The 180 basis point improvement in gross margin in Q2 reflected more favorable pricing, product and regional sales mix as well as a larger share of higher-margin Retail sales, which more than offset the negative effect of a less favorable hedging rate. Other operating expenses as a percentage of sales increased 1.9 percentage points to 44.3 percent compared to 42.4 percent the prior year.

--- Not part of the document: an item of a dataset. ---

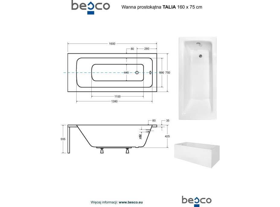 Elegantní obdélníková vana TALIA moderního vzhledu ze sanitárního akrylátu je koncipována jako single vana. Vzhled umocňuje zaoblený styl vnitřního prostoru s praktickým výlisem pro umístění podhlavníku. V případě potřeby umožňují instalaci vanové zástěny. Vana je díky svým rozměrům vhodná i pro menší koupelny.

Regarding the updated outlook, growth in the low- to mid-single-digit rate on a C-N basis. Euro’s strengthening against many other currencies will have a 5 to 6 percentage point impact. Sales gains are set to improve in the remaining quarters of 2013, with the fourth quarter expected to be stronger than normal.

For the Adidas Brand, growth is expected to be driven in the back half by the launch of Springblade and expansion of Boost in running as well as revival of momentum in basketball around programs for its endorsers such as Derrick Rose. Football (soccer) is also expected to see strong gains and Adidas will be revealing its activation efforts for the 2014 FIFA World Cup. A miCoach Smart Ball is also being introduced.

At Reebok, the pace of new product introductions is being accelerated for back-to school, including the Reebok One Series performance footwear and apparel collections, the ATV 19+ versatile running shoe, and strong updates in Classics, particularly the franchise five and the retro basketball. Reebok’s Shaq product “has been flying off the shelves,” Hainer said.

On the engagement side, the ReebokONE platform already has over 5,200 members, and Reebok just entered a new partnership with the largest provider of group exercise programming in the world, Les Mills, to support its yoga and dance franchises. Reebok’s first Fit Hub store in London will open Sept. 12.

TaylorMade is expected to get a boost by the launch at the end of July of SLDR, already the number one driver on tour; as well as the extension of the adiZero and adicross platforms into footwear.

Gross margins are expected to increase to a level between 48.5 percent and 49.0 percent this year, up from between 48.0 percent and 48.5 percent forecasted previously, and up from 47.7 percent in 2012. Due to the faster pace of new store openings, operating expenses as a percentage of sales are projected to increase compared to its previous guidance of a modest decline.

Due to the strong gross margin development, its operating margin target of approaching 9.0 percent for the full year remains unchanged. Net income attributable to shareholders is also still expected to increase at a rate between 12 percent and 16 percent.